In late August, I had the opportunity to visit my good friend of 45 years, Buford W. Posey. I met Buford when I came to Vermont in 1966 to attend the Antioch-Putney Graduate School of Education. Posey was born in Philadelphia, Miss., in Neshoba County. He was the first white member of the NAACP in the South and the civil rights worker who exposed the murder of Mickey Schwerner, James Chaney and Andrew Goodman. The three young men were there to register voters in Mississippi during Freedom Summer in 1964. Buford worked at Highlander Center near Knoxville, Tenn., where the director, Miles Horton, trained the civil rights workers, including Martin Luther King, in the concept of non-violence.
Buford told me in all his 86 years, he had never seen the country in such a dire economic state. He said we need a non-violent revolution for economic equity, jobs and health care. Buford said we need a new party to counteract the corruption and rampant greed so pervasive in our fair land and that he was ready to march in his wheel chair to support the new movement for change.
Many people I speak to are either cynical or feeling despondent about the future. It’s clear that evil will triumph over good if we’re complacent. Everyone needs to get involved, from workers, teachers, seniors and veterans to people of all colors, stripes and parties — progressives and others from the left and right who are alienated from the current political system.
One thing’s for sure. This is the worst economic downturn since the Great Depression. If the working/middle class are to be saved, we need to create millions of good-paying jobs by retraining and education, by rebuilding our crumbling infrastructure and transforming our energy system away from fossil fuels through sustainable energy solutions. We’ve lost millions of jobs through unfair trade practices — one million through NAFTA and 2 million with China. We need to export products not jobs. Close to 25 million Americans cannot find work. They’re either unemployed or underemployed. If they had a job, they could support their families, pay their fair share of taxes and invest in their local communities.
What else do we need to turn things around? We need to reverse the warming of our planet. If we got out of Iraq and Afghanistan, taxed the rich and corporations at a fair rate and transformed our trade policies, we could begin to pay off our national deficit and eventually eat into the national debt. At the same time, we need to finance political campaigns with public funds. Otherwise, the good old boys network will continue and our country will continue to decline. Why not add on term limits for politicians as a bonus.

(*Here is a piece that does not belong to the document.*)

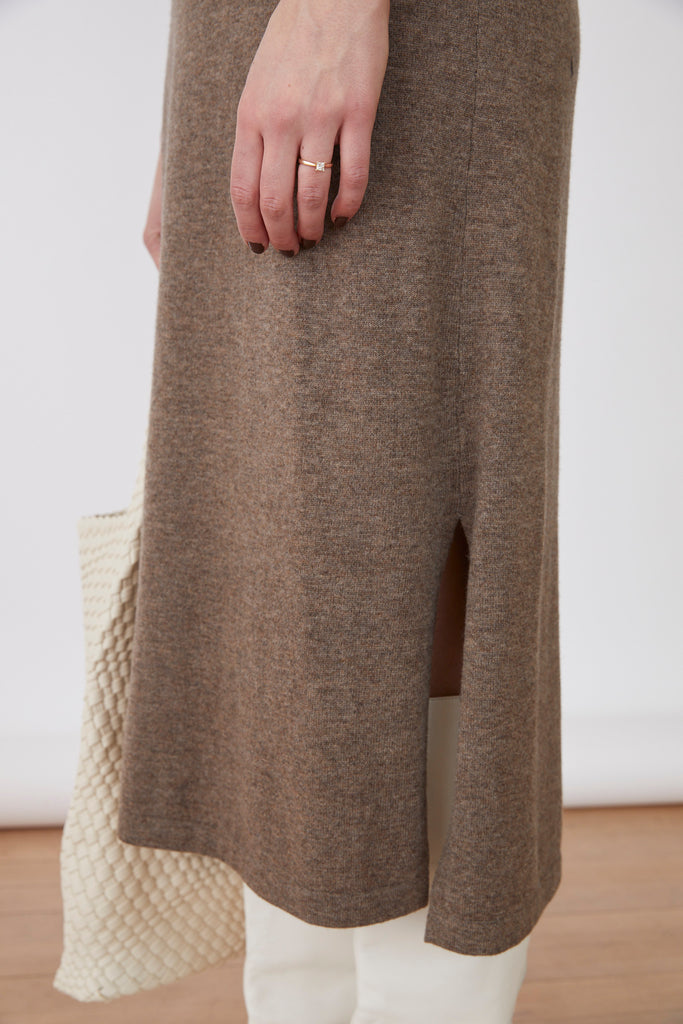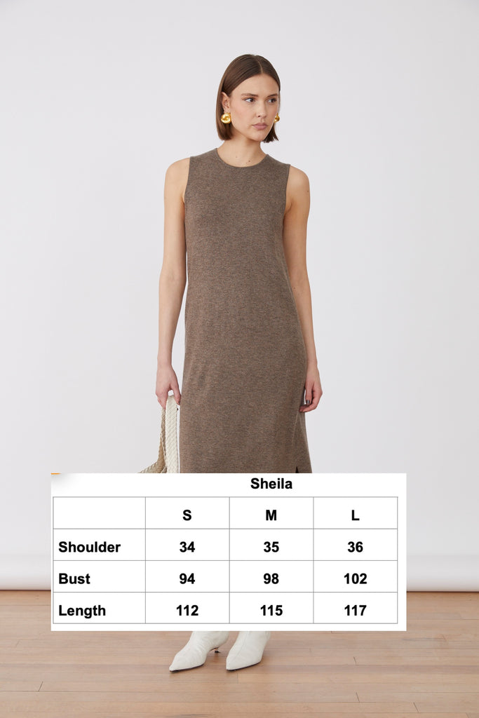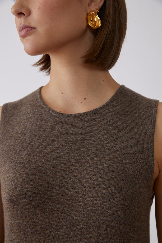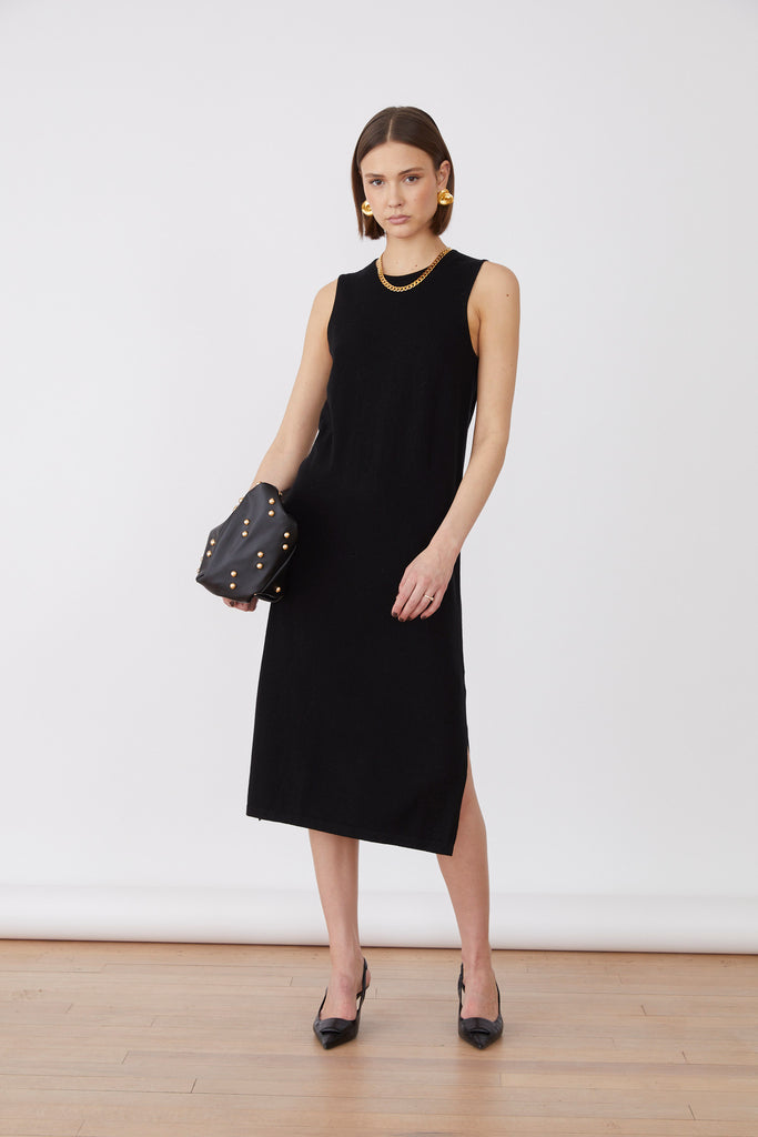 The Sheila Knitted Dress in taupe or black offers a refined silhouette with its sleeveless cut and elegant round neckline. Side slits provide subtle movement and a modern edge, making this dress an exquisite choice for a polished, sophisticated look.

Labor Day has passed and the people need to protest — not take part in a parade. Let’s begin the movement for The New Party in Burlington and have it spread as a grassroots movement from small cities and towns to the larger urban areas — through social networking.
This land is your land.
P.S. The song “We Shall Overcome” was found in a file cabinet at Highlander Center by the wife of Miles Horton. Can’t remember her name. It was an old labor song. Some of the words were changed and Pete Seeger made it famous.